Myths and Mysteries

This seems to be a large amount of fairytales and missbeliefs still circulating amongst employers. I daily receive e-mails on all sorts of weird and wonderful questions.
For example – how many written warnings must I give an employee before I am allowed to hold a disciplinary hearing ? A warning is something that follows a disciplinary hearing – the hearing does not follow the warning.
A warning is a sanction applied, by decision of the chairperson of the hearing, after he has heard all the evidence, arrived at a verdict of guilty, and then after considering all the circumstances, he arrives at a suitable sanction – which could be a written warning, or even a verbal warning, or a final written warning etc.
There are many misconceptions circulating among employees – not the least of which is the misguided notion that an employer must give the employee 3 written warnings before a disciplinary hearing and be convened.
I am often asked about the validity period of a verbal or written warning. Labour legislation does not specify the validity period of a warning. That is for the employer to decide, but generally a verbal warning is valid for 3 months, a written warning for 6 months, and a final written warning for 9-12 months. An indefinite period warning is not permitted. Another question – does an act of misconduct qualify for “immediate dismissal?”
When I inquire – what do you mean by “immediate dismissal”, the reply is “can I simply dismiss him immediately without a hearing, because it is a serious offense?” Obviously, the answer is NO! Strictly speaking, in terms of labour legislation, there no such thing as ” immediate dismissal.” It does not exist.
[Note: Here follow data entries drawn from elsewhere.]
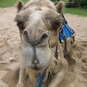初めてラクダに直接触れて乗って海岸沿いをお散歩しました。スタッフの方も写真をいっぱい撮ってくれて記念になりました。途中の休憩ポイントにてぬるいコーラとよくいる物売りはいましたがさほどしつこくなくイヤな気持ちにはなりませんでした。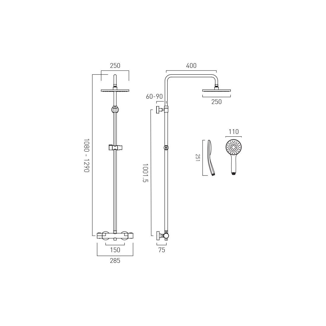- Shower Package Description: 1. Round thermostatic shower valve with integrated diverter, Rigid riser with single function shower head and shower handset, 250mm round shower head, 210mm height adjustment tolerance: min 1080mm ? max 1290mm, round thermostatic shower valve with integrated diverter, rigid riser with single function shower head and shower handset, 254mm round shower head, 232mm height adjustment tolerance: min 1016mm ? max 1248mm, 20mm depth adjustment tolerance: min 70mm ? max 90mm, Offset connectors and easy-fit brackets included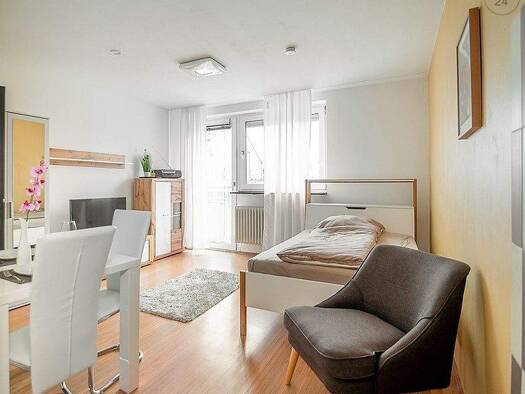 Sehr empfehlenswert: Modern und geschmackvoll möbliertes 1-Zimmer-Apartment mit WLAN und Balkon in zentraler und dennoch ruhiger Lage in Nürnberg/Galgenhof. Die Möblierung des Zimmers besteht aus einem breiteren Einzelbett mit praktischem Bettkasten (1,20x2,00 m), Beistelltisch, großen Sessel, Couchtisch, Lowboard mit Flatscreen TV, Kleiderschrank, Vitrine sowie einem Esstisch mit 2 Stühlen. Der angrenzende Balkon mit Tisch und Stuhl lädt zum Verweilen ein. Die Einbauküche, die vom Wohnraum abg...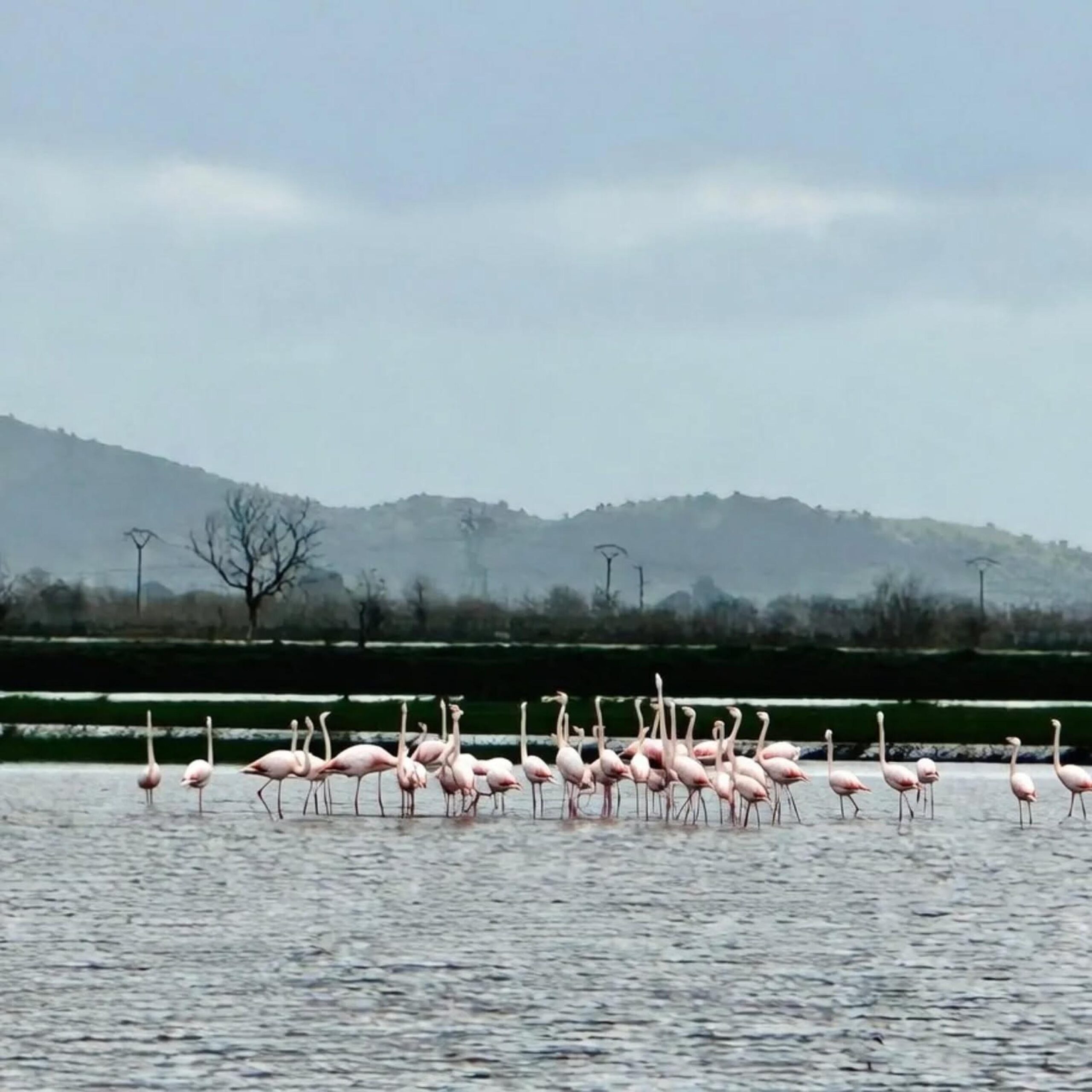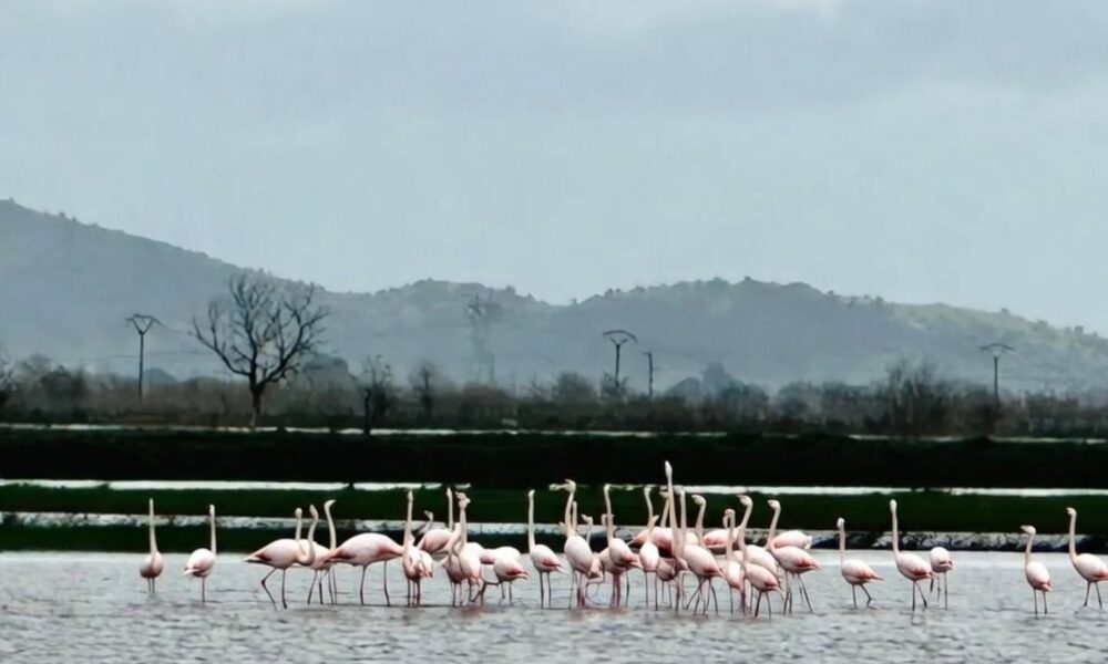 Aydın’da su altında kalan tarlalara flamingo sürüsü indi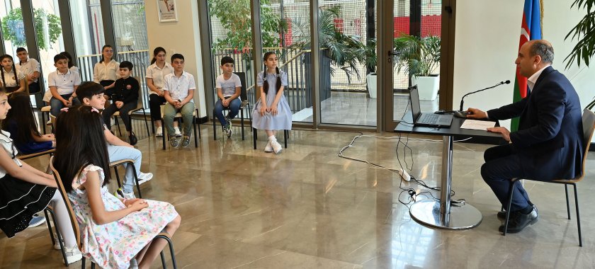 Emin Əmrullayev şagirdlərə öz tövsiyələrini verib, onların suallarını cavablandırıb.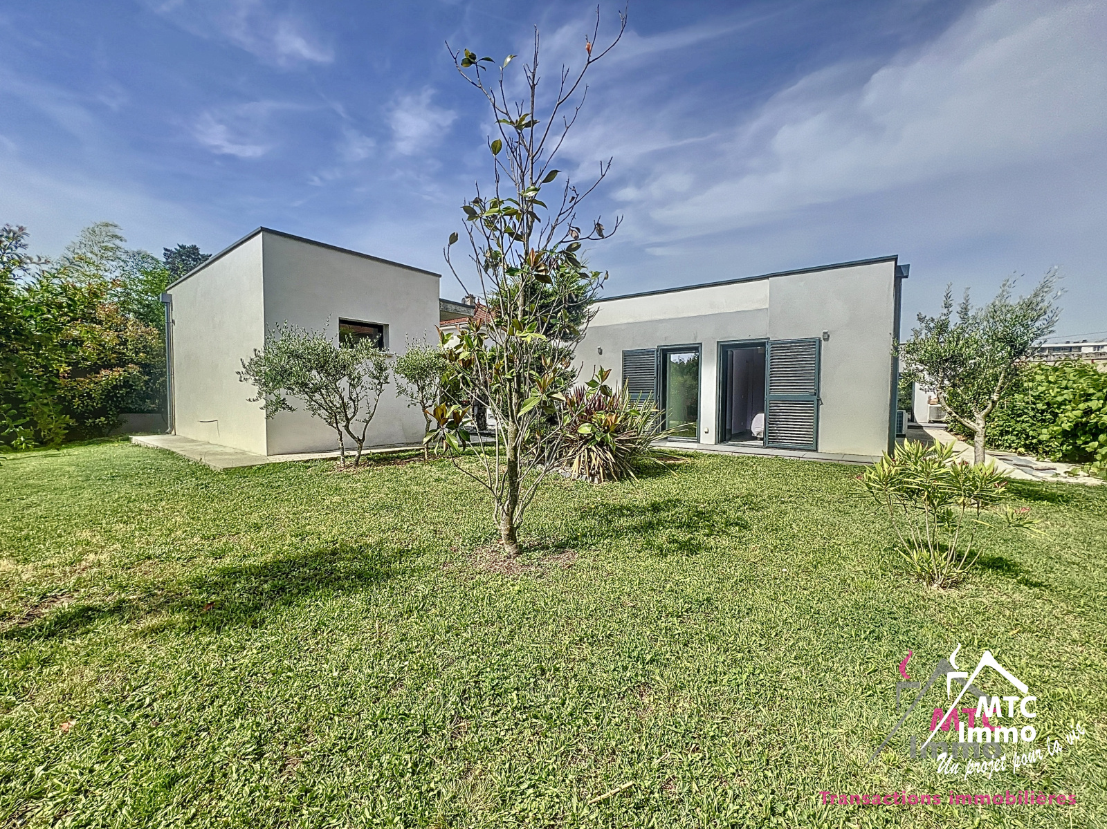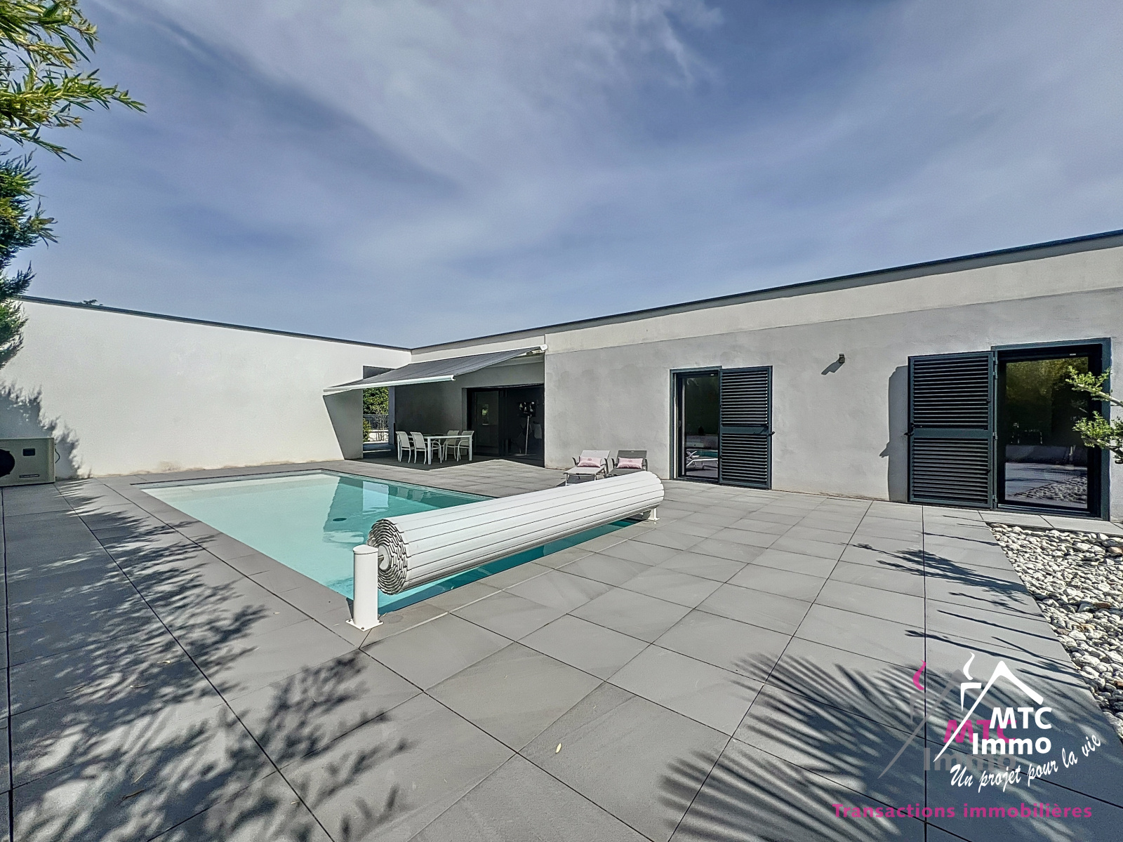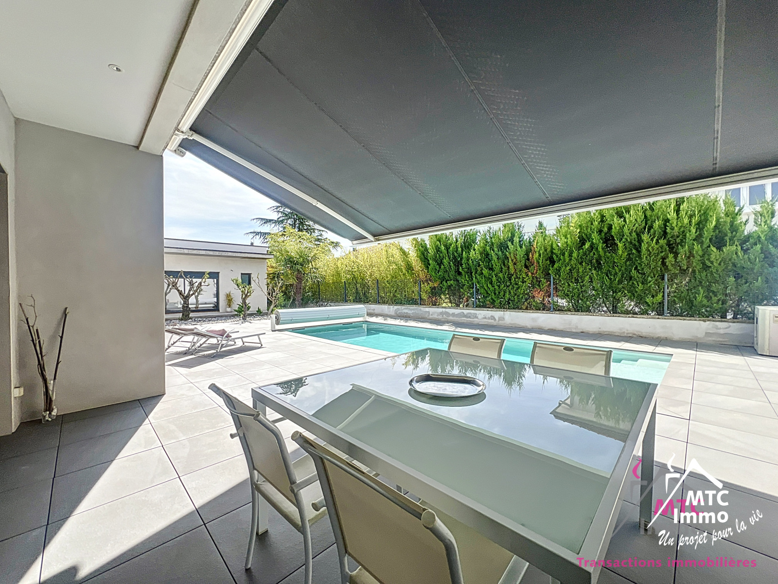 Une belle piscine au sel chauffée et automatisée vient parfaire les prestations haut-de-gamme de cette magnifique maison. La disposition des lumières extérieures permettent de sublimer les lignes architecturales de la maison à la nuit tombée. Le tout se trouvant sur un terrain plat de 900 m², au coeur des commodités (école, transports, commerces...)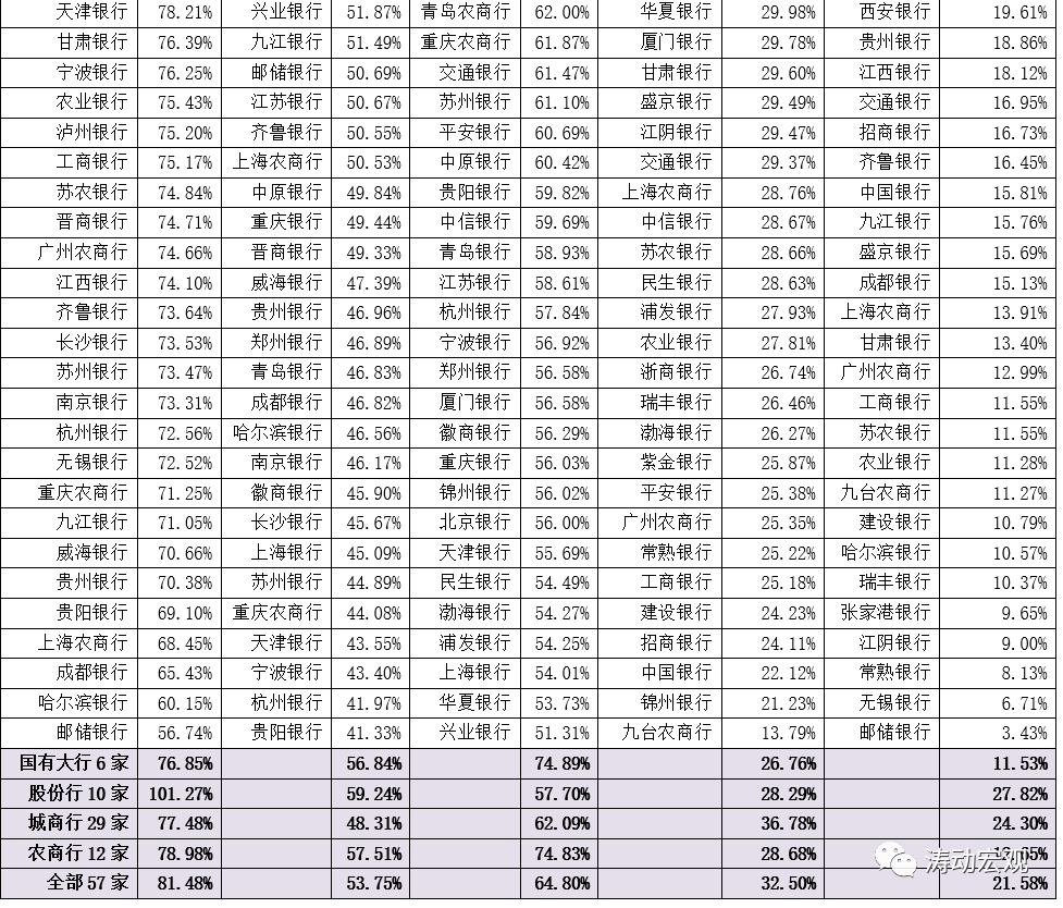 1、上市銀行的存貸比平均水平為81.46%,較2020年底的80.54%繼續上升。其中,股份行最高(達到101.27%)、國有大行最低(76.85%)。其中,8家銀行的存貸比超過100%,5家銀行的存貸比位于90-100%之間。

No employee may be dismissed unless the employer first follows a fair procedure, and the dismissal is for a fair reason. The fair procedure includes affording the employee the opportunity to state his case, and to state why he should not be dismissed. Therefore, “instant dismissal” does not exist.
Another question –
“my employee has walked out on me with 24 hours notice. I held back his salary and leave pay because he never gave me notice. He reported me to the Department of Labour, now they say I must pay up. Do I have to pay?”
Answer – yes you do have to pay. There is nothing in labour legislation that entitles you to withold any payment due to the employee. The only way to overcome the problem is to insert a suitable clause in the contract of employment, whereby the employer reserves the right to make such deductions upon an unlawful resignation.
“The employee refuses to sign the employment contract – what must I do?”
Generally, if the employee refuses to sign the employment contract, then he is refusing to be bound by your terms and conditions of employment. If there is no agreement regarding terms and conditions of employment, then generally, no employee/employer relationship exists. (Mackay & Another v Comtec Holdings (Pty) Ltd [1996] 7 BLLR 863 (IC)). Obviously, the circumstances differ from case to case.